<<<<

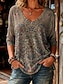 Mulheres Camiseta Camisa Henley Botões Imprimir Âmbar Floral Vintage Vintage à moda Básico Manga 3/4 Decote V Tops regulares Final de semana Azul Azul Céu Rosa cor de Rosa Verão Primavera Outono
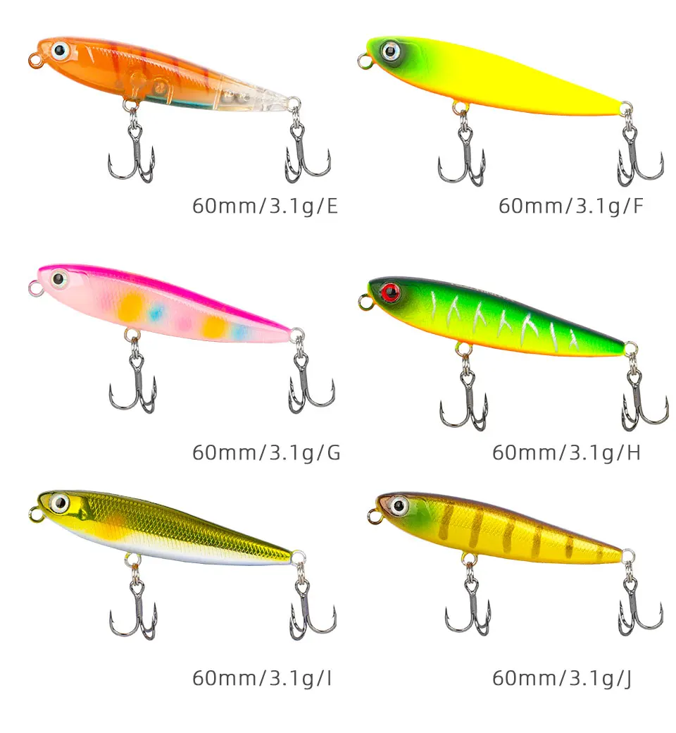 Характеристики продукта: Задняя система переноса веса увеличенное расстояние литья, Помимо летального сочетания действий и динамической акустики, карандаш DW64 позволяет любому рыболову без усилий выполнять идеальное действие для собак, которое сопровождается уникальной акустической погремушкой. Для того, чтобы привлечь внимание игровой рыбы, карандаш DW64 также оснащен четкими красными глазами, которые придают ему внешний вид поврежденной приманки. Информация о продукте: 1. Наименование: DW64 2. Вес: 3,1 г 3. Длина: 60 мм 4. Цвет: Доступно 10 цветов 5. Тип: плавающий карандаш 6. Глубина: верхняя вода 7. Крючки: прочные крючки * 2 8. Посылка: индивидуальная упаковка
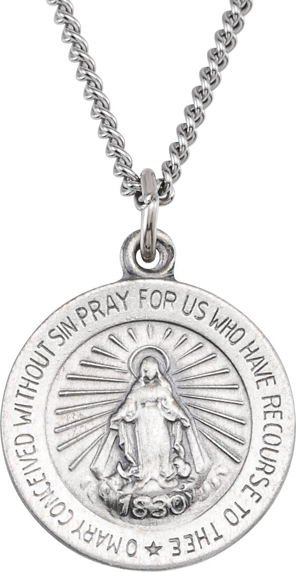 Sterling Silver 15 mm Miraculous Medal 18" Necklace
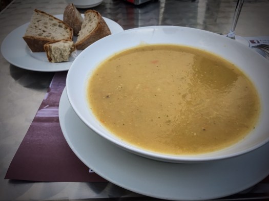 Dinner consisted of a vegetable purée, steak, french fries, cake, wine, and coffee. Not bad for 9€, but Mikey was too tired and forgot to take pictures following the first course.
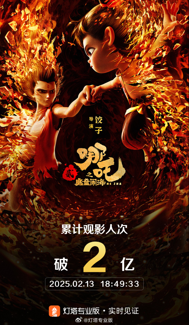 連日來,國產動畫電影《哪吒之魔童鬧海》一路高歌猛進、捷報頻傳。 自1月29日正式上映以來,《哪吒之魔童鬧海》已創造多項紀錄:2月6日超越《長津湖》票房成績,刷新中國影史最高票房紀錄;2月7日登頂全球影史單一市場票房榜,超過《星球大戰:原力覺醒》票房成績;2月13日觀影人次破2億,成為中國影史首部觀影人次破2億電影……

>>>>

● **How to complete this task**: Every entry should be repeated verbatim, with the pictures left out.

● **Answer below**:
 Mulheres Camiseta Camisa Henley Botões Imprimir Âmbar Floral Vintage Vintage à moda Básico Manga 3/4 Decote V Tops regulares Final de semana Azul Azul Céu Rosa cor de Rosa Verão Primavera Outono
 Характеристики продукта: Задняя система переноса веса увеличенное расстояние литья, Помимо летального сочетания действий и динамической акустики, карандаш DW64 позволяет любому рыболову без усилий выполнять идеальное действие для собак, которое сопровождается уникальной акустической погремушкой. Для того, чтобы привлечь внимание игровой рыбы, карандаш DW64 также оснащен четкими красными глазами, которые придают ему внешний вид поврежденной приманки. Информация о продукте: 1. Наименование: DW64 2. Вес: 3,1 г 3. Длина: 60 мм 4. Цвет: Доступно 10 цветов 5. Тип: плавающий карандаш 6. Глубина: верхняя вода 7. Крючки: прочные крючки * 2 8. Посылка: индивидуальная упаковка
 Sterling Silver 15 mm Miraculous Medal 18" Necklace
 Dinner consisted of a vegetable purée, steak, french fries, cake, wine, and coffee. Not bad for 9€, but Mikey was too tired and forgot to take pictures following the first course.
 連日來,國產動畫電影《哪吒之魔童鬧海》一路高歌猛進、捷報頻傳。 自1月29日正式上映以來,《哪吒之魔童鬧海》已創造多項紀錄:2月6日超越《長津湖》票房成績,刷新中國影史最高票房紀錄;2月7日登頂全球影史單一市場票房榜,超過《星球大戰:原力覺醒》票房成績;2月13日觀影人次破2億,成為中國影史首部觀影人次破2億電影……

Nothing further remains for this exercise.